Problem description. Your copy should contain exactly the lines from the one that holds "Photo removed from" through the end of the material, reproduced as written, with no pictures.

Data provided.
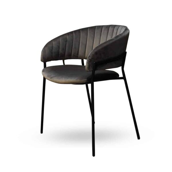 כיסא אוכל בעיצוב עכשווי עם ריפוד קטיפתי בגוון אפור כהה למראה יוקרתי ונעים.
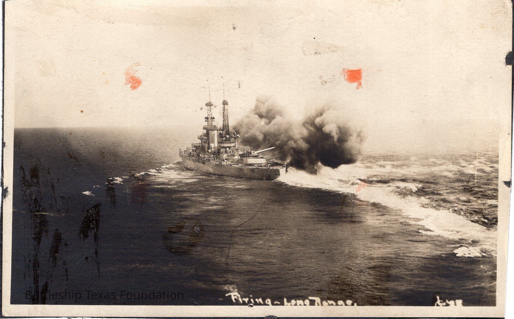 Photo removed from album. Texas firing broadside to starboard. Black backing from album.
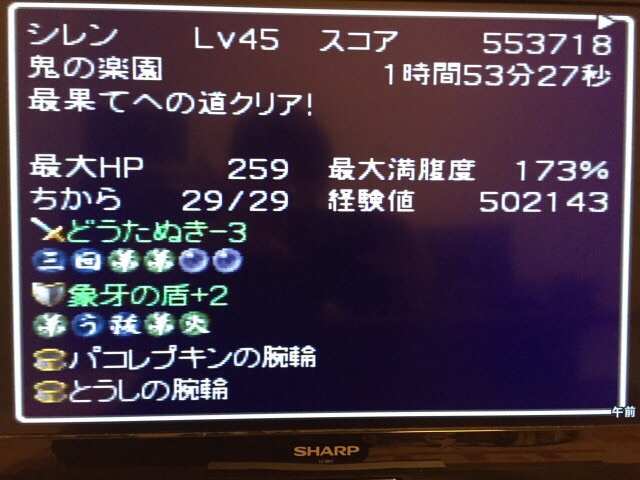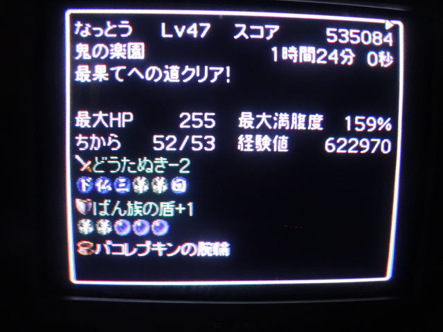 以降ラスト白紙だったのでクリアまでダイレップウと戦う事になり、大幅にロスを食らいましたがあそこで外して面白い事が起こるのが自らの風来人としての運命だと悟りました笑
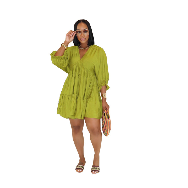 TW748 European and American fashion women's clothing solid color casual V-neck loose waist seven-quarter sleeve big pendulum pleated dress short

Solution for this exercise.
 Photo removed from album. Texas firing broadside to starboard. Black backing from album.
 以降ラスト白紙だったのでクリアまでダイレップウと戦う事になり、大幅にロスを食らいましたがあそこで外して面白い事が起こるのが自らの風来人としての運命だと悟りました笑
 TW748 European and American fashion women's clothing solid color casual V-neck loose waist seven-quarter sleeve big pendulum pleated dress short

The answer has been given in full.